I have a [u8; 16384] and a u16. How would I "temporarily transmute" the array so I can set the two u8s at once, the first to the least significant byte and the second to the most significant byte?

As DK suggests, you probably shouldn't really use unsafe code to reinterpret the memory... but you can if you want to.

If you really want to go that route, you should be aware of a couple of gotchas:

• You could have an alignment problem. If you just take a &mut [u8] from somewhere and convert it to a &mut [u16], it could refer to some memory region that is not properly aligned to be accessed as a u16. Depending on what computer you run this code on, such an unaligned memory access might be illegal. In this case, the program would probably abort somehow. For example, the CPU could generate some kind of signal which the operating system responds to in order to kill the process.
• It'll be non-portable. Even without the alignment issue, you'll get different results on different machines (little- versus big-endian machines).
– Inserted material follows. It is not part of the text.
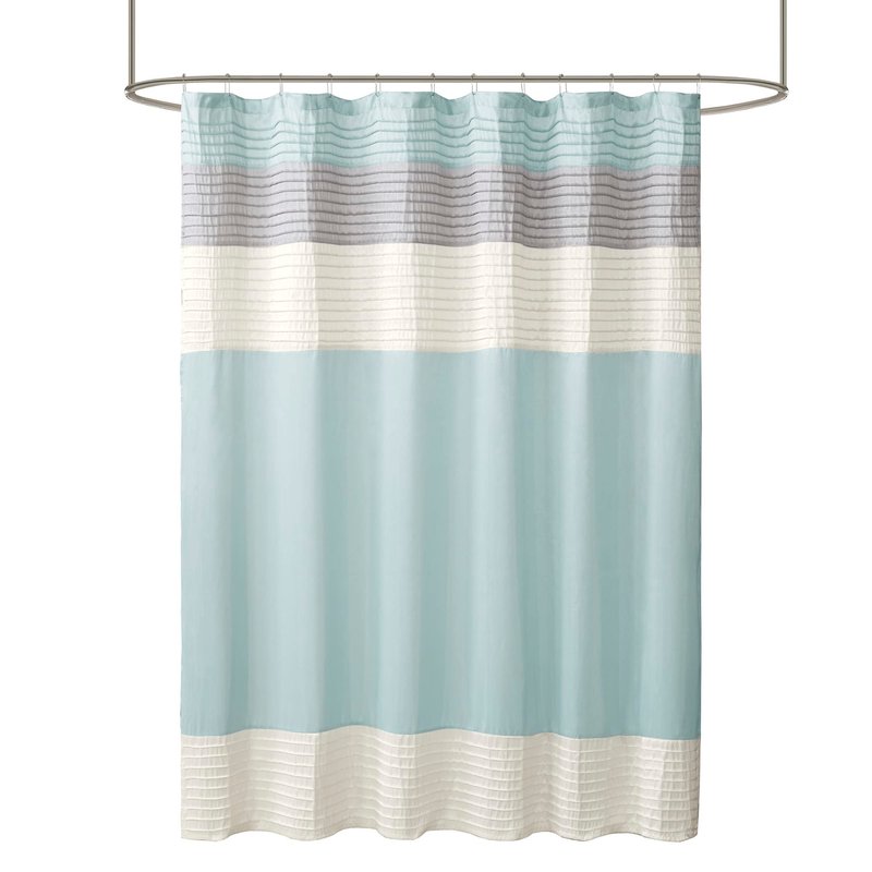 Madison Park Amherst Bathroom Shower Curtain Faux Silk Pieced Striped Modern Microfiber Bath Curtains, 72x72 Inches, Aqua

If you can switch it around (creating a u16 array and temporarily dealing with it on a byte level), you would solve the potential memory alignment problem:

/// warning: The resulting byte view is system-specific
unsafe fn raw_byte_access(s16: &mut [u16]) -> &mut [u8] {
    use std::slice;
    slice::from_raw_parts_mut(s16.as_mut_ptr() as *mut u8, s16.len() * 2)
}

On a big-endian machine, this function will not do what you want; you want a little-endian byte order. You can only use this as an optimization for little-endian machines and need to stick with a solution like DK's for big- or mixed-endian machines.

The obvious, safe and portable way is to just use math.

fn set_u16_le(a: &mut [u8], v: u16) {
    a[0] = v as u8;
    a[1] = (v >> 8) as u8;
}

If you want a higher-level interface, there's the byteorder crate which is designed to do this.

You should definitely not use transmute to turn a [u8] into a [u16], because that doesn't guarantee anything about the byte order.